Chinese Government Targets Single Mothers
The central Chinese city of Wuhan has sparked controversy worldwide with the publication of a draft ordinance proposing to fine women who have children out of wedlock up to six times the average annual disposable income.
The legislation is intended to support China’s long standing family planning policy which limits each couple to one child and its stated aim to keep the cities birthrate low. However, it is feared that fining single mothers would only increase the already astronomic number of abortions and of cases of child abandonment.
China’s Health Ministry estimates that in the four decades since the imposition of the one child policy more than 336 million abortions have taken place.  Numerous human rights groups and news accounts have demonstrated that many of these abortions are forced or coerced.

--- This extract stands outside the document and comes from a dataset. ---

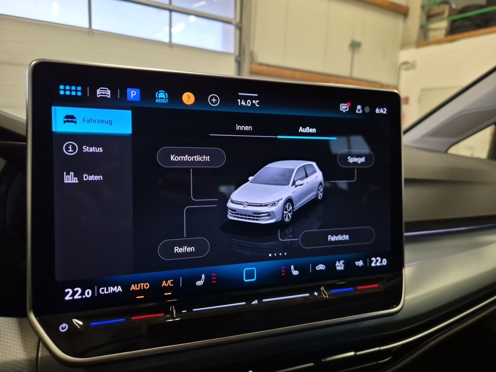 Ausstattung überspringen 12-V-Steckdose im Gepäckraum 2 LED-Leseleuchten vorn und 2 hinten 2 USB-C-Schnittstellen vorn, 2 USB-C-Ladebuchsen an der Mittelkonsolehinten; Ladeleistung bis zu 45 W 4 Leichtmetallräder "Zürich" 7 J x 16 6+1 Lautsprecher Abbiegebremsfunktion und Ausweichunterstützung Ablage- und Staukasten Mittelarmlehne Ablenkungs- und Müdigkeitserkennung Abstandsregelung Airbag für Fahrer und Beifahrer, mit Beifahrerairbag-Deaktivierung Ambientebeleuchtung 30-farbig App Connect App-Connect Wireless für Apple CarPlay und Android Auto Apple CarPlay Außen-Sound Standard Außenspiegel beheizbar Außenspiegel elektrisch anklappbar Außenspiegel elektrisch einstell-, anklapp-, beheizbar, mit Memory-Funktionund Beifahrerspiegelabsenkung Außenspiegelgehäuse in Schwarz Automatische Distanzregelung ACC Bluetooth Bordcomputer Chrom-Applikationen an Spiegeleinstell- und Fensterheberschaltern, Chromleisten an den Auströmern Digital Cockpit Pro, mehrfarbig, verschiedene Info-Profile wählbar Digitaler Radioempfang DAB+ Diversity-Antenne für FM-Empfang Dreipunkt-Automatiksicherheitsgurte für die äußeren Rücksitzplätze Dreipunkt-Automatiksicherheitsgurte vornmit Höheneinstellung und Gurtstraffer Einparkhilfe - Warnsignale bei Hindernissen im Front- und Heckbereich Elektronische Parkbremse inkl. Auto-Hold-Funktion Elektronische Sprachverstärkung Elektronisches Stabilisierungsprogramm und elektromechanischer Bremskraftverstärker Fahrassistent "Travel Assist" und Spurhalteassistent "Lane Assist" Fahrerairbag Fahrlichtschaltung automatisch, mit LED-Tagfahrlicht sowie Begrüßungs- und Verabschiedungslicht Fahrzeuge mit besonderen Produktaufwer- tungsmaßnahmen Fensterheber elektrisch hinten Fensterheber elektrisch vorne Fernlichtassistent "Light Assist" Frontscheibe in Verbundsicherheitsglas, wärme- und geräuschdämmend Geschwindigkeitsbegrenzer mit vorausschauender Regelung Induktive Ladeschale für Smartphones Infotainment-Paket "Ready 2 Discover" Infotainment-System mit 32,7-cm-Display (12,9 Zoll) Innenspiegel automatisch abblendend ISOFIX-Halteösen für Kindersitze auf denäußeren Rücksitzen sowie auf dem Beifahrersitz, i-Size-kompatibel Klimaanlage "Air Care Climatronic" mit Aktiv-Kombifilter, Bedienelementen hinten und 3-Zonen-Temperaturregelung Kombi-Instrument mit elektronischem Tachometer, Kilometer- und Tageskilometerzähler, Drehzahlmesser Kopfairbags vorn und hinten, Seitenairbags vorn, Center-Airbag LED-Leuchte im Fußraum vorn, Lichtfarbe wählbar LED-Rückleuchten LED-Scheinwerfer LED-Scheinwerfer mit Tagfahrlicht LED-Tagfahrlicht Leichtmetallfelgen 16 Zoll Lendenwirbelstützen vorn Lenkrad-Leder & Lederschaltknopf Leuchtweitenregulierung dynamisch Make-up-Spiegel beleuchtet in den Sonnenblenden Mittelarmlehne vorn höhen- und längseinstellbar Mittelarmlehne vorne Müdigkeitserkennung Multifunktionsanzeige Multifunktionskamera Multifunktionslenkrad Multifunktionslenkrad in Leder, beheizbar Nebelschlusslicht einseitig, Rückfahrlicht beidseitig Notbremsassistent Notbremsassistent "Front Assist" mit Fußgänger- und Radfahrererkennung Notruf-Service, Laufzeit 10 Jahre ab Erstauslieferung, Voraussetzung: Verfügbarkeit benötigter Mobilfunknetze Notrufsystem / E-Call Online-Dienst, mit OCU, mit Head Unit Codierung, ohne WFS-Verbund Pedale in Edelstahl gebürstet Proaktives Insassenschutzsystem Radio Radsicherungen mit erweitertem Diebstahlschutz Regensensor Reifenkontrollanzeige Rücksitzbank ungeteilt, Lehne asymmetrisch geteilt umklappbar, mit Mittelarmlehne Schalthebelknauf in Leder Scheiben getönt Schlüsselloses Startsystem "Keyless Start" ohne Safe-Sicherung Seitenfenster ab B-Säule abgedunkelt Seitenscheiben hinten und Heckscheibe abgedunkelt Serviceheft gepflegt Servolenkung elektromechanisch, geschwindigkeitsabhängig geregelt Sitzbezug Stoff/Leder Sitzheizung vorne Spurwechselassistent "Side Assist", Ausparkassistent und Ausstiegswarnung Start-Stopp-System Startknopf Stoßfänger in Wagenfarbe, Lufteinlass mit Chromleiste Telefonschnittstelle mit induktiver Ladefunktion Tempomat Textilfußmatten vorn und hinten Tire Mobility Set: 12-Volt-Kompressor und Reifendichtmittel Touchscreen Türgriffmulden beleuchtet Umfeldbeleuchtung mit Lichtprojektion USB Schnittstelle Verbandtasche, Warndreieck und Warnweste Verkehrszeichenerkennung Virtual Cockpit Vorbereitet für "VW Connect" und "VW Connect Plus" Vorbereitet für spätere Freischaltung: Navigationssystem Vordersitze beheizbar Vordersitze mit Höheneinstellung Warnton und -leuchte für nicht angelegteGurte vorn und hinten Wartungsintervallverlängerung Wegfahrsperre elektronisch Mehr anzeigen

The proposed ordinance states that an unmarried women who “cannot provide appropriate licenses from her partner”, or who “knowingly bears the child of someone with another spouse” must pay a “social compensation fee” consistent with provincial family planning laws.  Social compensation fees are often imposed on families who break the country’s strict one child policy and are usually far more than the average family can afford.

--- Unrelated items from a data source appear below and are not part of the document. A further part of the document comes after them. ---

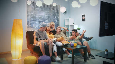 Group of friends watching TV, sport match together. Emotional fans cheering for favorite team, watching exciting football. Concept of friendship, leisure activity, emotions. Betting, finance, fun.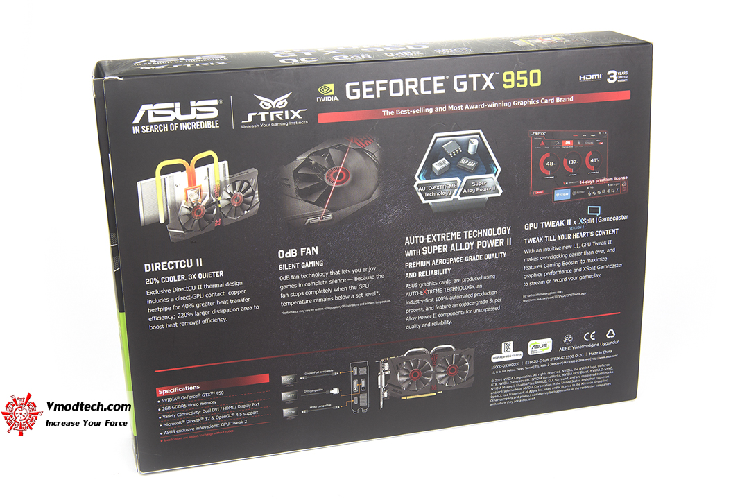 สวัสดีครับทุกๆท่านที่เยี่ยมชมเว็บไซต์ Vmodtech.com วันนี้เรามีกราฟฟิกการ์ดระดับเริ่มต้นสำหรับผู้ที่ต้องการเล่นเกมส์ดังๆให้มีภาพสวยงามแต่ยังมีงบประมาณที่จำกัดอยู่ สำหรับ NVIDIA GeForce GTX 950 นั้นเป็นรุ่นเล็กในซีรีย์ GTX 900 ที่ออกแบบมาเพื่อคอเกมส์อย่างแท้จริงครับ สำหรับวันนี้เรามีการ์ดที่ใช้ GPU GTX 950 แต่อยู่บนแบรนด์ชื่อดังในบ้านเราอย่าง ASUS GeForce GTX 950 STRIX GAMING 2GB GDDR5 เมื่อ GPU ระดับคุ้มราคามาปรับแต่งให้สวยงามอย่างมีเอกลักษณ์แบบนี้แล้ว ความน่าสนใจก็เพิ่มขึ้นอีกมากทีเดียวครับ เรามาติดตามรายละเอียดกันเลย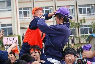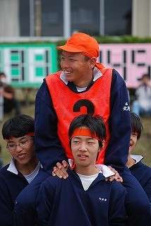 男子の騎馬戦は迫力満点でした。2組団(桃組団)と7組団(黄組団)と5組団(緑組団)の決勝戦は、見応えがありました。2組団(桃組団)が圧勝でした。

Single mothers have long been stigmatized in Chinese society and illegitimacy is seen as a disgrace to both the mother and the child. The Chinese government already places a consideration burden on unwed mothers by denying them maternity benefits.
“If the policy is approved, there could be more `sewer babies,’ because when mothers can’t afford the cost, they might think about throwing their babies away,” said Chen Yaya, a researcher at the Shanghai Academy of Social Sciences.
Zhai Zhenwu, director of Renmin University’s School of Sociology and Population Studies, has stated that this proposed ordinance is not unusual in China and that having children outside of marriage is not protected by law. “Imposing fines on the unmarried who have children is, in fact, a common practice that has been carried out in China for a long time.”
This weekend President Barack Obama is set to meet with Chinese President Xi Jinping. The meeting is expected to focus on cyber security (especially in light of recent cyber attacks against the US), North Korea, and the global economy. While all of these issues are important- considering China’s shocking record of human rights abuse, it is essential that this summit and, for that matter, every summit with the Chinese government also address human rights. In addition to its draconian population control policy which has resulted in forced abortion, gendercide, and, now, this persecution of unwed mothers; China also flagrantly violates its citizens’ right to freedom of the press, religion, association, and expression.
The State Department and President Obama must make it clear that the U.S. finds these abusive policies to be violations of the intrinsic dignity of every human person. A friendly relationship between our two countries must be contingent upon improvement in China’s treatment towards all its people- wed or unwed.